What happens when an account holder rolls ERISA assets into an IRA account that otherwise would receive only limited protection? Does the original source of the ERISA funds control to give full protection, or does the IRA roll-over destroy the fully-exempt status?

The caselaw is split on this issue. The more debtor-friendly cases hold that the rolled-over funds should retain their former, fully-exempt status. McMullen, 147 Cal. App. at 755. In McMullen itself, the debtor claimed a full exemption over funds in his IRA account, which he had rolled over from his fully-exempt ERISA retirement plan. No other assets were added to the rollover IRA. Opposing the full exemption, the creditor argued that the IRA rollover extinguished the full exemption as IRAs are only partially exempt under the statute's express language.

Agreeing with the debtor, McMullen held that full exemption should apply. In doing so, McMullen relied on Section 703.080, which expressly allows tracing of exempt funds that are distributed to deposit accounts or in the form of cash or its equivalent. McMullen also noted California's policy that exemption statutes should be construed (as far as practicable) to the judgment creditor's benefit. The liberal tracing application honored the policy goal of allowing a debtor to best protect his or her assets.

McMullen expressly disagreed with a California bankruptcy court that came to the opposite conclusion. In re Mooney held that an IRA rollover should extinguish the fully-exempt status. 248 B.R. 391, 397 (Bankr. C.D. Cal. 2000).
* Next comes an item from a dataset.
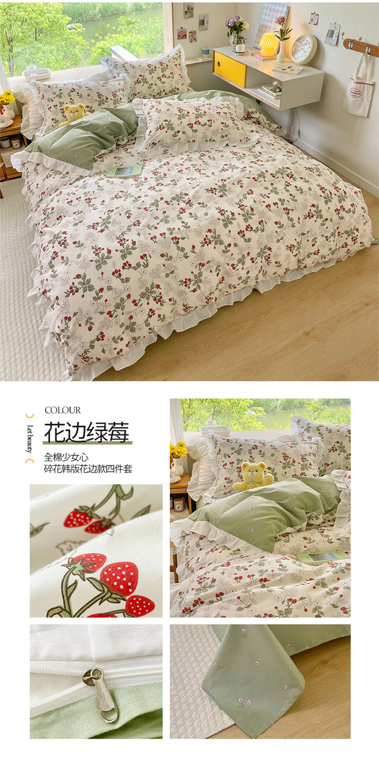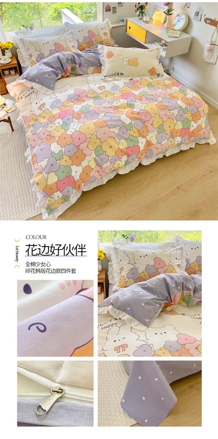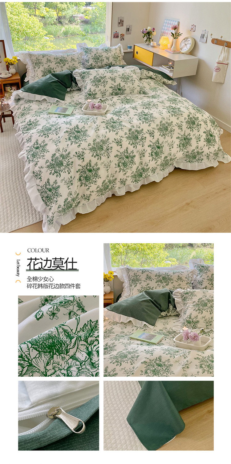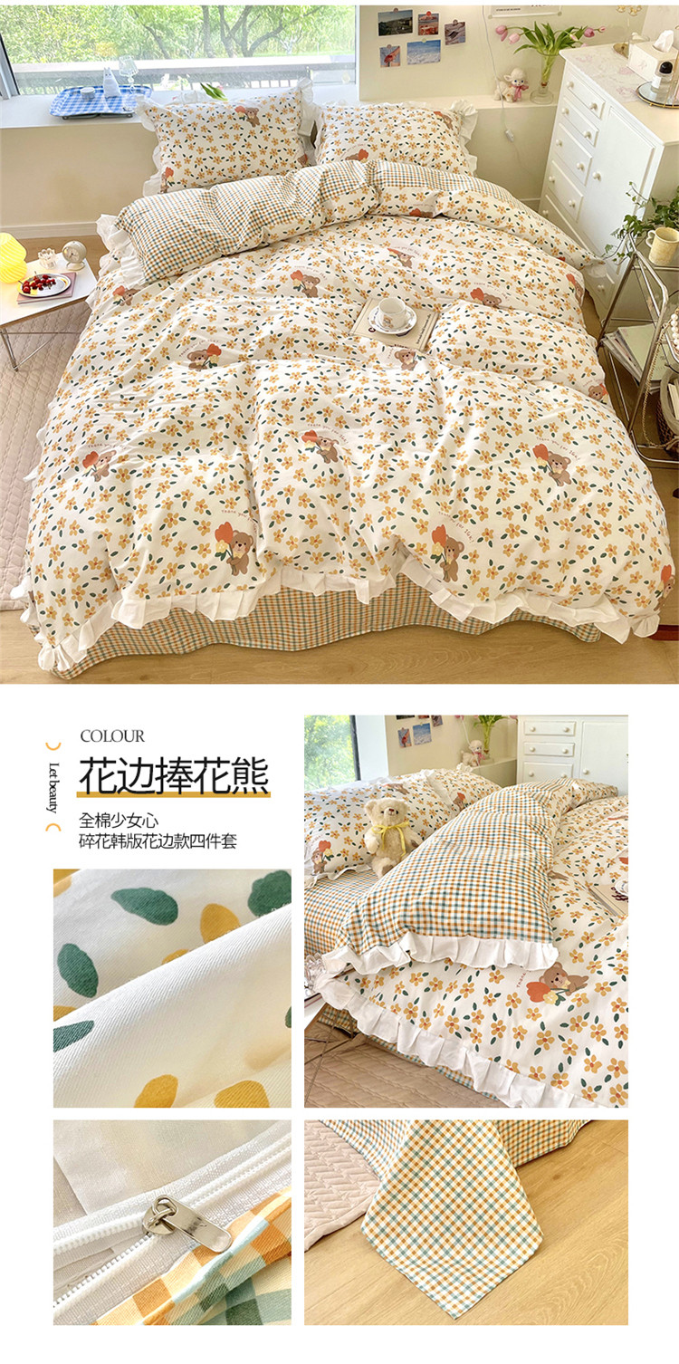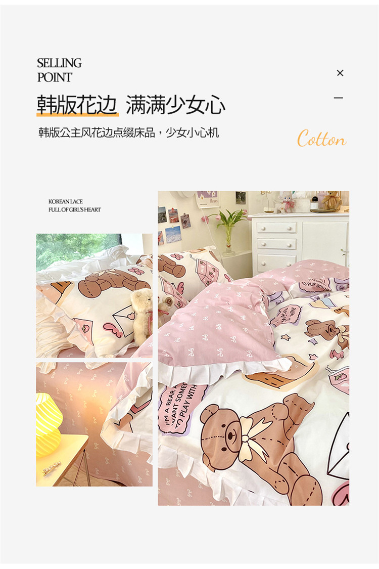 总 桃子家居2022新款仙气奶油碎花少女心韩版花边纯棉四件套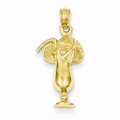 14k Gold Satin Polished Open-Backed Tropical Drink Pendant, Pendants for Necklace

While the Mooney court did not dispute that tracing is sometimes appropriate, it used the express statutory language giving IRA accounts only partial protection to override the tracing allowance. Noting that the legislature never expressly stated an intention to treat rolled-over IRAs different from other IRAs, the Mooney court refused to infer such an intention either. The Mooney court also noted that pre-retirement access to an IRA is generally easier than for an ERISA employer-sponsored plan. The Court thus declined to give the rolled-over IRA complete exemption from the judgment creditor.

In the years since McMullen and Mooney were decided, a third opinion has agreed with McMullen. O'Brien v. AMBS Diagnostics LLC, 38 Cal. App. 5th 553, 564, 251 Cal. Rptr. 3d 41, 49 (2019) (holding that Mooney was wrongfully decided and agreeing with McMullen that no policy reason existed to extinguish the full exemption simply because the assets are deposited in an IRA rather than "a safe deposit box" or "under a mattress.").

Defendants confronted with an adverse judgment that may push them into bankruptcy can take solace in the fact that these protections apply even if the claims include fraud and other torts otherwise not dischargeable in bankruptcy. See In re Phillips, 206 B.R. 196, 203 (Bankr. N.D. Cal. 1997), as corrected (Mar. 17, 1997), aff'd, 218 B.R. 520 (N.D. Cal. 1998). Clients and practitioners alike who face (or assert) fiduciary duty claims can benefit from being familiar with the foregoing rules and exceptions.

The content of this article is intended to provide a general guide to the subject matter. Specialist advice should be sought about your specific circumstances.